Deitar cedo e cedo erguer, dá saúde… mas não faz vencer
O primeiro jogo do quarto dia de mundial trouxe-nos um Marrocos – Croácia. De um lado, uma equipa em crescimento, que já tinha causado alguma surpresa no Mundial da Rússia contra Portugal e Espanha na fase de grupos. Do outro, a seleção vice-campeã do Mundo. Previa-se um bom jogo entre estas seleções, atribuindo o favoritismo à formação croata.
Cedo, pelo menos na hora portuguesa, a partida começou às 10h e terminou cerca de duas horas depois… da mesma forma. Um nulo a abrir as contas do grupo F, um resultado que acaba por não ser mau para as aspirações marroquinas, que enfrentaram uma das equipas mais fortes do grupo, mas negativo para a Croácia que terá ainda um embate complicado contra a Bélgica.
Apesar de não haver golos, nem por isso o jogo deixou de ser interessante, pelo menos do ponto de vista tático, visto que de oportunidades também essas foram escassas. Modric tentou assumir as rédeas dos croatas, enquanto era bem marcado pela oposição. Do outro lado, Ziyech não foi tão preponderante como costuma ser no Chelsea. Jogou-se muito a meio-campo, Marrocos rompeu mais pelo lado direito com Hakimi, a Croácia pelo lado esquerdo com Perisic. Livakovic ainda apanhou um susto num livre direto de Hakimi, mas segurou a baliza croata a zeros, tal como Bono, do outro lado.

Alemães de boca tapada, e nipónicos de mãos largas
Um dia depois da chocante vitória da Arábia Saudita frente à Argentina, hoje foi a vez da Alemanha cair aos pés do Japão.

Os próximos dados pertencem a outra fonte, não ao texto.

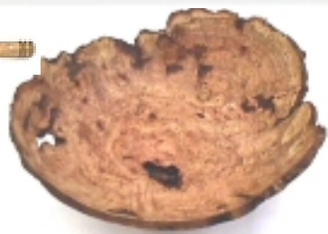
Wally's cherry burl bowl & "Profile of Woman"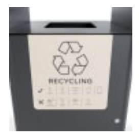
LARGE SIGNAGE RECYCLING IN PAPERBARK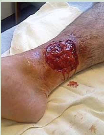
Figure 5. Simulated leg ulcer.

simulation as an opportunity for nurses to rehearse and consolidate skills prior to practice. Case studies using simulated wounds have highlighted that they can increase students' confidence, skills and decision-making capabilities [23].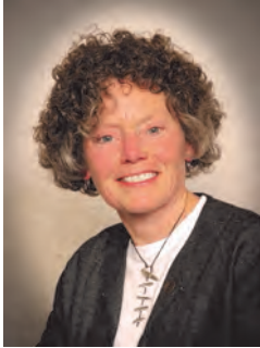
2011-2014 MCAH President

Welcome to another edition of MCAH news! We have much to offer as you read through the various articles which provide a deeper glimpse into how your association has been working for you to maintain market share, fair wage settlements, provide and assist with financing educational opportunities, social networking events and more. It has been a busy time and I encourage you to read the detailed articles in hope that they will provide you with feedback on your active association and further entice you to become engaged.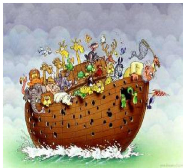
The woodpecker might have to go!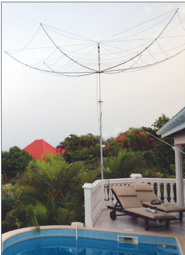
The Martins' beam by the pool at the villa.

The next day we went to work putting together other antennas — a 2 element 17 meter vertical array, an 80/40/30 meter vertical dipole, and a 30 meter inverted V. We had the pleasure of meeting Adolphe Brin, FJ5AB, who came by our villa to visit. Over the course of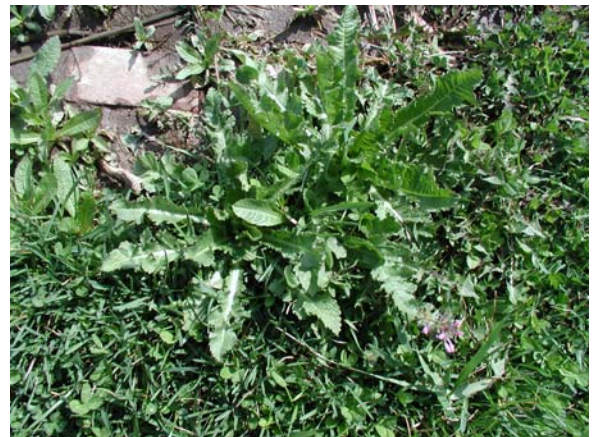
Basal rosettes. Key characteristics: leaf surfaces have a coarse appearance and prominent white midvein.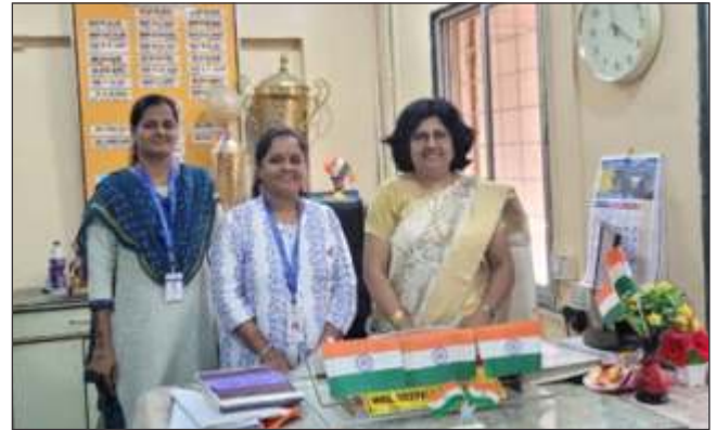
PMC School Visit in Bhimnagar Shirke vasti, Ghorpadi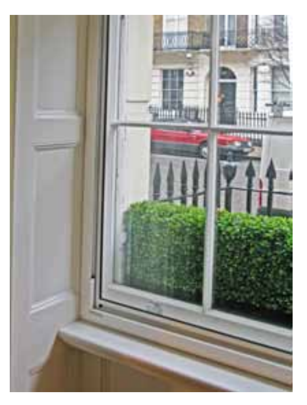
12 Secondary glazing carefully incorporated with window reveal panelling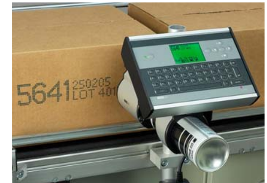
The printing can be on the top or the side of the product, as shown in the photo above.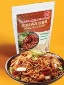
Spaghetti with Char Siu Sauce and Sausages

This product can be utilized as a ready-to-eat dressing without cooking required.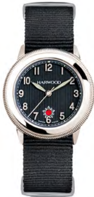
5 Steel Ø 35 mm 500.10.11 N01 € 1.900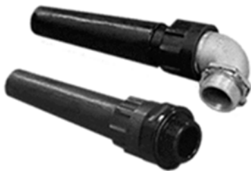
3000 Series Strain Aids

Please see our Strain Relief products for further design solutions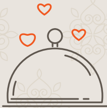
Traditional British menu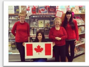
Library photo shared for the "Share Your Moment with the Flag" campaign.

On February 15, Canada celebrated the 50th anniversary of the Canadian Flag. In honour of the occasion, we put displays up in each of our branches and participated in the "Share Your Moment with the Flag" social media campaign. This is a campaign where participants post photos of themselves with the Canada flag, using the hashtag #flag50.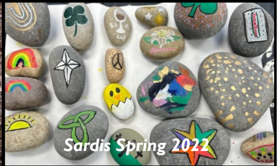
Sardis Spring 2022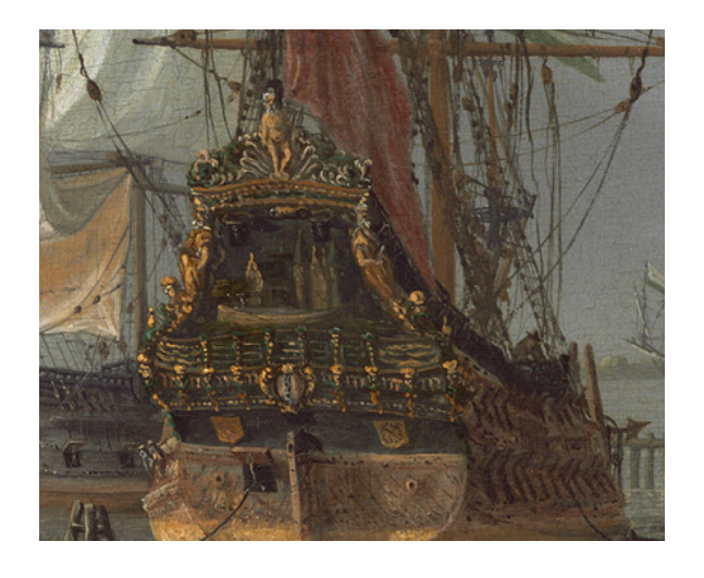
fig. 3 Detail, the stern of warship Huis te Swieten, Reinier Nooms, called Zeeman, Amsterdam Harbor Scene, c. 1658, oil on canvas, National Gallery of Art, Washington, The Lee and Juliet Folger Fund, 2011.3.1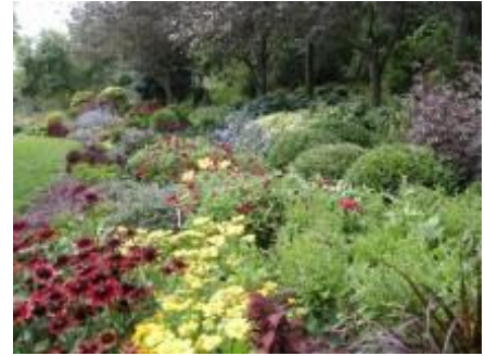
Lyndale Park/Mixed Border Garden 2013

For the past 10 years I have been the chair of the Lyndale Park Garden Committee. From 2002 to 2005, it was called the Perennial Garden Committee. Last year club members formed a new garden committee also located in Lyndale Park. They focus on growing pollinator friendly native plants, and picked the name Native Garden Committee.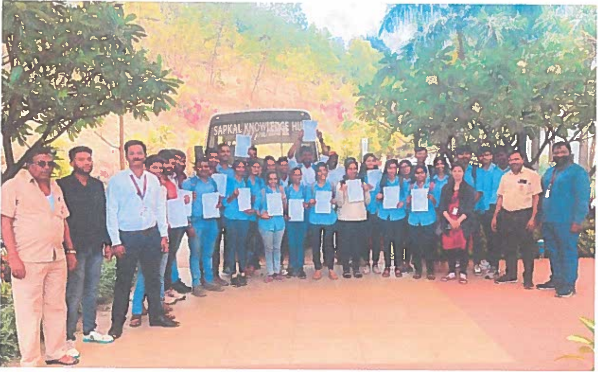
Students with collected data forms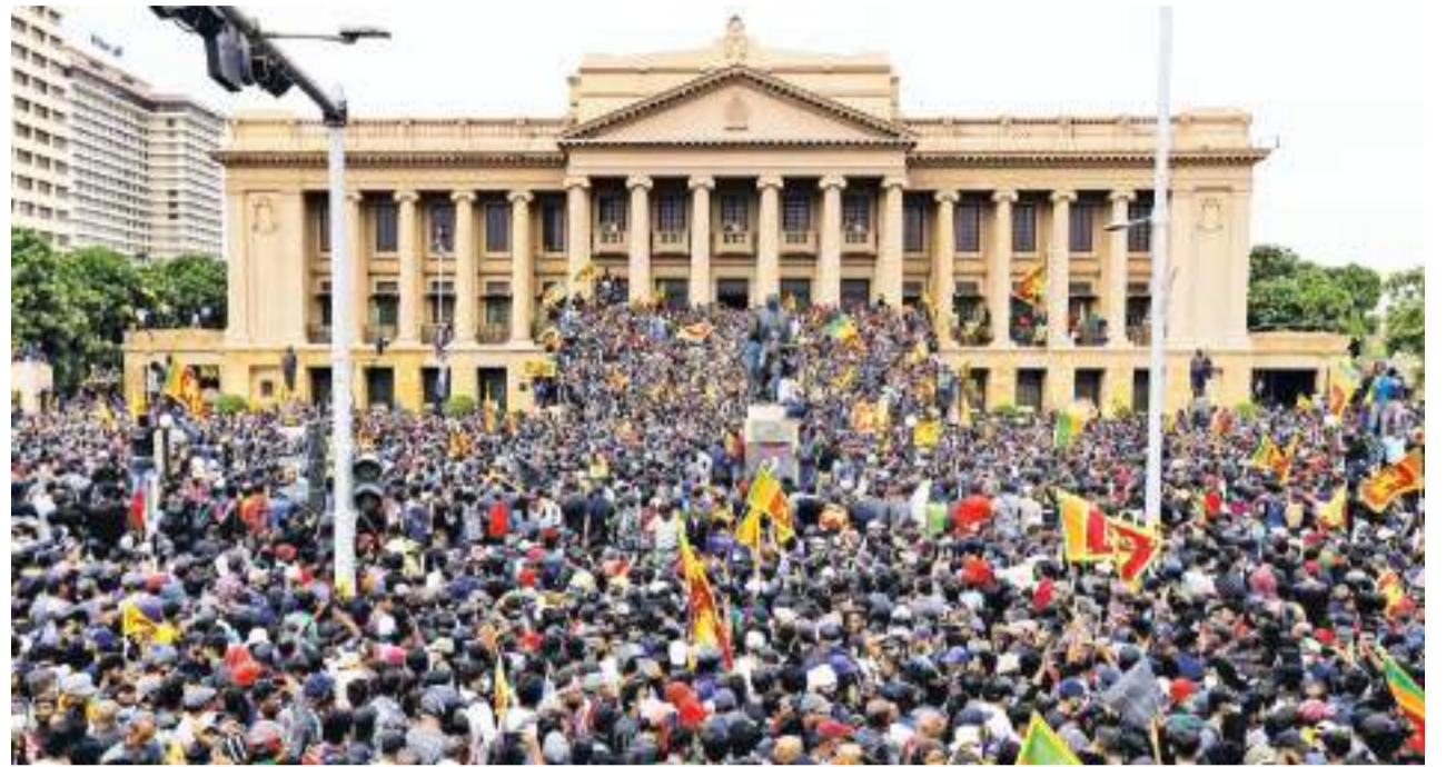
Large crowds gathered at the Presidential Secretariat on July 9.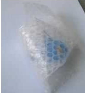
Plastic cushioning material to wrap fragile items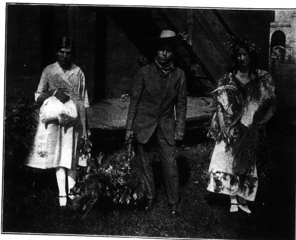
Officers of Boys' and Girls' Club, Gladstone, Manitoba, who presented the Duke of Devonshire, when on his trip throughout the West, with a basket of Manitoba grains and grasses.

The first prize in the choral contest for juvenile choirs, together with the Frederic Smith Challenge Shield, was won by Lake Road (Portsmouth) Band of Hope; the first prize for mixed-voice choirs from thirty to fifty singers, together with the Curwen Challenge Shield, was won by the Stamford (Portsmouth) Temperance Choral Society; and in the mixed-voice contest for choirs from 60 to 100 singers, the first prize and the Cory Challenge Shield was won by Portsmouth Excelsior Temperance Choral Society.

Ainda antes do início do jogo, os alemães protagonizaram uma das imagens deste campeonato do mundo. A seleção germânica era uma das que iria utilizar a braçadeira arco-íris, algo que a FIFA proibiu momentos antes da competição iniciar. Para Manuel Neuer, capitão de equipa, não ficar prejudicado logo no início do encontro, os jogadores arranjaram outra forma de protestar contra a organização. Além de levarem o caso da braçadeira ao tribunal do desporto, a seleção germânica juntou-se para a fotografia de jogo com as mãos a tapar a boca. Nas redes sociais, a seleção alemã justificou o ato: “Queríamos usar a braçadeira de capitão para tomar uma posição sobre os valores que defendemos enquanto seleção nacional alemã: diversidade e respeito mútuo. Juntamente com outras nações, queríamos que a nossa voz fosse ouvida. Não era sobre tomar uma posição política – direitos humanos não são negociáveis. Isso devia ser tomado como garantido, mas ainda não é o caso. Por isso é que esta mensagem é tão importante para nós. Negarem-nos a braçadeira é o mesmo que negarem-nos a voz. Nós mantemos a nossa posição”.
Quanto ao jogo, esse foi praticamente de sentido único na primeira parte. A Alemanha assumiu o controlo e o domínio do terreno, como seria de esperar, e a formação nipónica atrevia-se no contra-ataque no lado direito através de Hito. À passagem da meia hora Gündogan fez o primeiro da partida, através da marca de grande penalidade. Mesmo em cima do intervalo, Havertz colocou a bola dentro da baliza japonesa, mas foi anulado por fora de jogo do avançado do Chelsea.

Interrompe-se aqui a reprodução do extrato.